◆ Exercise brief: Copy the full listing, changing nothing.

Start of Block

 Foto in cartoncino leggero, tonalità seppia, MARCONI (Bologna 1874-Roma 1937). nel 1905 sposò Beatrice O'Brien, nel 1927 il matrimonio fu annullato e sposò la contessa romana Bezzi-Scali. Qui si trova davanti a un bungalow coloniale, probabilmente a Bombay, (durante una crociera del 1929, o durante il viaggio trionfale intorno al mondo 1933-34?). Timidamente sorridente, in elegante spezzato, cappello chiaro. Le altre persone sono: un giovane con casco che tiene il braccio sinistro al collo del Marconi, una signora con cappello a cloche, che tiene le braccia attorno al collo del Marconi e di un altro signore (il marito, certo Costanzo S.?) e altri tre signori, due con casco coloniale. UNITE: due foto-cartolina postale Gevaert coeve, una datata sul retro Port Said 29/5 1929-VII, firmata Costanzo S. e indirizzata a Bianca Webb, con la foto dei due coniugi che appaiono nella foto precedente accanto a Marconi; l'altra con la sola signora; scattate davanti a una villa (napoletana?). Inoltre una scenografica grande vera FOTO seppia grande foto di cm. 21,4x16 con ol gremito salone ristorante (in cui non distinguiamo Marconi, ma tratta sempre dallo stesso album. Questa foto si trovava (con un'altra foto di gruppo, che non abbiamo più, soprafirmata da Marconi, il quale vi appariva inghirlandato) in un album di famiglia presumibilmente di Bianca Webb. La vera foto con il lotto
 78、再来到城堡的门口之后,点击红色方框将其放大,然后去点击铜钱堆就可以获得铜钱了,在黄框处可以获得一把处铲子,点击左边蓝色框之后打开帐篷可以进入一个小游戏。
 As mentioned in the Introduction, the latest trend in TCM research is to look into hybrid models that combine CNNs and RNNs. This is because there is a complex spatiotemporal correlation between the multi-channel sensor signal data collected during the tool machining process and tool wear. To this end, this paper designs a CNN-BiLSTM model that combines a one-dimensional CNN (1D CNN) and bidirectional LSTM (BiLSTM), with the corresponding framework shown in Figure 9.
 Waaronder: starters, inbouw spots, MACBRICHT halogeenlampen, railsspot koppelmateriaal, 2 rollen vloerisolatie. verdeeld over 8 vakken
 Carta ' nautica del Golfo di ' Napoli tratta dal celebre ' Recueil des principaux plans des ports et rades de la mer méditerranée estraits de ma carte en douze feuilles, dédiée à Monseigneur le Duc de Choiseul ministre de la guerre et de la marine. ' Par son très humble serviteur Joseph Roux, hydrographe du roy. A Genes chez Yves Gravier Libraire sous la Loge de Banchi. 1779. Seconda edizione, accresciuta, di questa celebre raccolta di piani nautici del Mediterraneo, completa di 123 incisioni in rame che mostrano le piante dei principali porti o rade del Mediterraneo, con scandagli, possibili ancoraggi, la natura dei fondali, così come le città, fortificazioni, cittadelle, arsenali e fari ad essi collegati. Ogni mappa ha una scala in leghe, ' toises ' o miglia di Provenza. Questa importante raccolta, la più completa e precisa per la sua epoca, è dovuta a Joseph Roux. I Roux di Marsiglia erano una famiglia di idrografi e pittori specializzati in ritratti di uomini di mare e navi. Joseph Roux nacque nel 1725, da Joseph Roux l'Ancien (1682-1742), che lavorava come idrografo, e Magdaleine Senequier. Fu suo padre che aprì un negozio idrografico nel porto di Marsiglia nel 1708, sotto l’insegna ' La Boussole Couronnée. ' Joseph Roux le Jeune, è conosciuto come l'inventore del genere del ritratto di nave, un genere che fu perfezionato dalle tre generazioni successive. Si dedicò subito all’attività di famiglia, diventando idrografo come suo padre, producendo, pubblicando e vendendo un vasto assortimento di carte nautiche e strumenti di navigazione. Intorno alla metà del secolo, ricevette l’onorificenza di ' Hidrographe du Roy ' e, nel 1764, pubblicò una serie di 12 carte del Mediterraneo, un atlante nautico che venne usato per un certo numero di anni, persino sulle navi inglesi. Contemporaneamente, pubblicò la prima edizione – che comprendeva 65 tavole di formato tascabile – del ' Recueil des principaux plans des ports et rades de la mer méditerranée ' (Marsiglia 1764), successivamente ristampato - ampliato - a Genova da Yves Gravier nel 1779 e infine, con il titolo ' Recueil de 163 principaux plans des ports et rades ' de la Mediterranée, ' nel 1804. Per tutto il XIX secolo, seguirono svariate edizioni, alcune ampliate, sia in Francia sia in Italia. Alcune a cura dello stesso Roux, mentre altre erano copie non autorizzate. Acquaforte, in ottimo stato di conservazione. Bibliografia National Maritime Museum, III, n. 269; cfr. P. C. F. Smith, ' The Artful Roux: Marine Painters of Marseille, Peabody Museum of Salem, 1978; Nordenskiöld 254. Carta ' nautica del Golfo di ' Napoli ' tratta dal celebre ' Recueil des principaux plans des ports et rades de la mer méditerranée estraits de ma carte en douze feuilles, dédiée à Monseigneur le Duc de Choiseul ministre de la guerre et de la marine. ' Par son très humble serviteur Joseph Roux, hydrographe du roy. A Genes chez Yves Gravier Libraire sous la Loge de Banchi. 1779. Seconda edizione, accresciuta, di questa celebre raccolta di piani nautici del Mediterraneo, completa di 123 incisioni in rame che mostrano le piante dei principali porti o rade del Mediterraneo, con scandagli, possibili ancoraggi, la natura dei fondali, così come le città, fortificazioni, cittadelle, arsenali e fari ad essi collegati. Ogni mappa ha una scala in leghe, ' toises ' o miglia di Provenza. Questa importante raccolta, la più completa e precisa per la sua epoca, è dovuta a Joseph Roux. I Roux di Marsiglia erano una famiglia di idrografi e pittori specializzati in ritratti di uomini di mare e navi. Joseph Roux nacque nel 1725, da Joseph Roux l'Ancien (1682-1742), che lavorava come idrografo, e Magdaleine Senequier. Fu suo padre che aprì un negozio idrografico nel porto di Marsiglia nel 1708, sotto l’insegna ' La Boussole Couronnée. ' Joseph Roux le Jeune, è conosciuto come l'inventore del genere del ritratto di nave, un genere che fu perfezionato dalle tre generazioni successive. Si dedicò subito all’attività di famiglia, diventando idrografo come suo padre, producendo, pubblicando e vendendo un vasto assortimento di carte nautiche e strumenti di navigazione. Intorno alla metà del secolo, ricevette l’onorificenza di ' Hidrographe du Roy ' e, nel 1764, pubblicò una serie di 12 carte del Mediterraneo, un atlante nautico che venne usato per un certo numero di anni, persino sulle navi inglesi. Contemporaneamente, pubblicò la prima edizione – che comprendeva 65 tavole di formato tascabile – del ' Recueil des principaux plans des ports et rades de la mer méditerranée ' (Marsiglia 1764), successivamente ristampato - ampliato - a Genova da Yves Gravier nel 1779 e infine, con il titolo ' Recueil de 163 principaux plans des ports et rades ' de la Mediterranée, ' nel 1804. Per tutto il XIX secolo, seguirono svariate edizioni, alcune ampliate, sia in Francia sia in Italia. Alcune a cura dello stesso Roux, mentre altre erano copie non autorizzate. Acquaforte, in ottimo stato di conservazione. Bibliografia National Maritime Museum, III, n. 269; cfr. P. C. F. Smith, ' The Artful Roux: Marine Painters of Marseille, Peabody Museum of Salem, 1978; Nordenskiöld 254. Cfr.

End of Block

◆ Exercise output:
 Foto in cartoncino leggero, tonalità seppia, MARCONI (Bologna 1874-Roma 1937). nel 1905 sposò Beatrice O'Brien, nel 1927 il matrimonio fu annullato e sposò la contessa romana Bezzi-Scali. Qui si trova davanti a un bungalow coloniale, probabilmente a Bombay, (durante una crociera del 1929, o durante il viaggio trionfale intorno al mondo 1933-34?). Timidamente sorridente, in elegante spezzato, cappello chiaro. Le altre persone sono: un giovane con casco che tiene il braccio sinistro al collo del Marconi, una signora con cappello a cloche, che tiene le braccia attorno al collo del Marconi e di un altro signore (il marito, certo Costanzo S.?) e altri tre signori, due con casco coloniale. UNITE: due foto-cartolina postale Gevaert coeve, una datata sul retro Port Said 29/5 1929-VII, firmata Costanzo S. e indirizzata a Bianca Webb, con la foto dei due coniugi che appaiono nella foto precedente accanto a Marconi; l'altra con la sola signora; scattate davanti a una villa (napoletana?). Inoltre una scenografica grande vera FOTO seppia grande foto di cm. 21,4x16 con ol gremito salone ristorante (in cui non distinguiamo Marconi, ma tratta sempre dallo stesso album. Questa foto si trovava (con un'altra foto di gruppo, che non abbiamo più, soprafirmata da Marconi, il quale vi appariva inghirlandato) in un album di famiglia presumibilmente di Bianca Webb. La vera foto con il lotto
 78、再来到城堡的门口之后,点击红色方框将其放大,然后去点击铜钱堆就可以获得铜钱了,在黄框处可以获得一把处铲子,点击左边蓝色框之后打开帐篷可以进入一个小游戏。
 As mentioned in the Introduction, the latest trend in TCM research is to look into hybrid models that combine CNNs and RNNs. This is because there is a complex spatiotemporal correlation between the multi-channel sensor signal data collected during the tool machining process and tool wear. To this end, this paper designs a CNN-BiLSTM model that combines a one-dimensional CNN (1D CNN) and bidirectional LSTM (BiLSTM), with the corresponding framework shown in Figure 9.
 Waaronder: starters, inbouw spots, MACBRICHT halogeenlampen, railsspot koppelmateriaal, 2 rollen vloerisolatie. verdeeld over 8 vakken
 Carta ' nautica del Golfo di ' Napoli tratta dal celebre ' Recueil des principaux plans des ports et rades de la mer méditerranée estraits de ma carte en douze feuilles, dédiée à Monseigneur le Duc de Choiseul ministre de la guerre et de la marine. ' Par son très humble serviteur Joseph Roux, hydrographe du roy. A Genes chez Yves Gravier Libraire sous la Loge de Banchi. 1779. Seconda edizione, accresciuta, di questa celebre raccolta di piani nautici del Mediterraneo, completa di 123 incisioni in rame che mostrano le piante dei principali porti o rade del Mediterraneo, con scandagli, possibili ancoraggi, la natura dei fondali, così come le città, fortificazioni, cittadelle, arsenali e fari ad essi collegati. Ogni mappa ha una scala in leghe, ' toises ' o miglia di Provenza. Questa importante raccolta, la più completa e precisa per la sua epoca, è dovuta a Joseph Roux. I Roux di Marsiglia erano una famiglia di idrografi e pittori specializzati in ritratti di uomini di mare e navi. Joseph Roux nacque nel 1725, da Joseph Roux l'Ancien (1682-1742), che lavorava come idrografo, e Magdaleine Senequier. Fu suo padre che aprì un negozio idrografico nel porto di Marsiglia nel 1708, sotto l’insegna ' La Boussole Couronnée. ' Joseph Roux le Jeune, è conosciuto come l'inventore del genere del ritratto di nave, un genere che fu perfezionato dalle tre generazioni successive. Si dedicò subito all’attività di famiglia, diventando idrografo come suo padre, producendo, pubblicando e vendendo un vasto assortimento di carte nautiche e strumenti di navigazione. Intorno alla metà del secolo, ricevette l’onorificenza di ' Hidrographe du Roy ' e, nel 1764, pubblicò una serie di 12 carte del Mediterraneo, un atlante nautico che venne usato per un certo numero di anni, persino sulle navi inglesi. Contemporaneamente, pubblicò la prima edizione – che comprendeva 65 tavole di formato tascabile – del ' Recueil des principaux plans des ports et rades de la mer méditerranée ' (Marsiglia 1764), successivamente ristampato - ampliato - a Genova da Yves Gravier nel 1779 e infine, con il titolo ' Recueil de 163 principaux plans des ports et rades ' de la Mediterranée, ' nel 1804. Per tutto il XIX secolo, seguirono svariate edizioni, alcune ampliate, sia in Francia sia in Italia. Alcune a cura dello stesso Roux, mentre altre erano copie non autorizzate. Acquaforte, in ottimo stato di conservazione. Bibliografia National Maritime Museum, III, n. 269; cfr. P. C. F. Smith, ' The Artful Roux: Marine Painters of Marseille, Peabody Museum of Salem, 1978; Nordenskiöld 254. Carta ' nautica del Golfo di ' Napoli ' tratta dal celebre ' Recueil des principaux plans des ports et rades de la mer méditerranée estraits de ma carte en douze feuilles, dédiée à Monseigneur le Duc de Choiseul ministre de la guerre et de la marine. ' Par son très humble serviteur Joseph Roux, hydrographe du roy. A Genes chez Yves Gravier Libraire sous la Loge de Banchi. 1779. Seconda edizione, accresciuta, di questa celebre raccolta di piani nautici del Mediterraneo, completa di 123 incisioni in rame che mostrano le piante dei principali porti o rade del Mediterraneo, con scandagli, possibili ancoraggi, la natura dei fondali, così come le città, fortificazioni, cittadelle, arsenali e fari ad essi collegati. Ogni mappa ha una scala in leghe, ' toises ' o miglia di Provenza. Questa importante raccolta, la più completa e precisa per la sua epoca, è dovuta a Joseph Roux. I Roux di Marsiglia erano una famiglia di idrografi e pittori specializzati in ritratti di uomini di mare e navi. Joseph Roux nacque nel 1725, da Joseph Roux l'Ancien (1682-1742), che lavorava come idrografo, e Magdaleine Senequier. Fu suo padre che aprì un negozio idrografico nel porto di Marsiglia nel 1708, sotto l’insegna ' La Boussole Couronnée. ' Joseph Roux le Jeune, è conosciuto come l'inventore del genere del ritratto di nave, un genere che fu perfezionato dalle tre generazioni successive. Si dedicò subito all’attività di famiglia, diventando idrografo come suo padre, producendo, pubblicando e vendendo un vasto assortimento di carte nautiche e strumenti di navigazione. Intorno alla metà del secolo, ricevette l’onorificenza di ' Hidrographe du Roy ' e, nel 1764, pubblicò una serie di 12 carte del Mediterraneo, un atlante nautico che venne usato per un certo numero di anni, persino sulle navi inglesi. Contemporaneamente, pubblicò la prima edizione – che comprendeva 65 tavole di formato tascabile – del ' Recueil des principaux plans des ports et rades de la mer méditerranée ' (Marsiglia 1764), successivamente ristampato - ampliato - a Genova da Yves Gravier nel 1779 e infine, con il titolo ' Recueil de 163 principaux plans des ports et rades ' de la Mediterranée, ' nel 1804. Per tutto il XIX secolo, seguirono svariate edizioni, alcune ampliate, sia in Francia sia in Italia. Alcune a cura dello stesso Roux, mentre altre erano copie non autorizzate. Acquaforte, in ottimo stato di conservazione. Bibliografia National Maritime Museum, III, n. 269; cfr. P. C. F. Smith, ' The Artful Roux: Marine Painters of Marseille, Peabody Museum of Salem, 1978; Nordenskiöld 254. Cfr.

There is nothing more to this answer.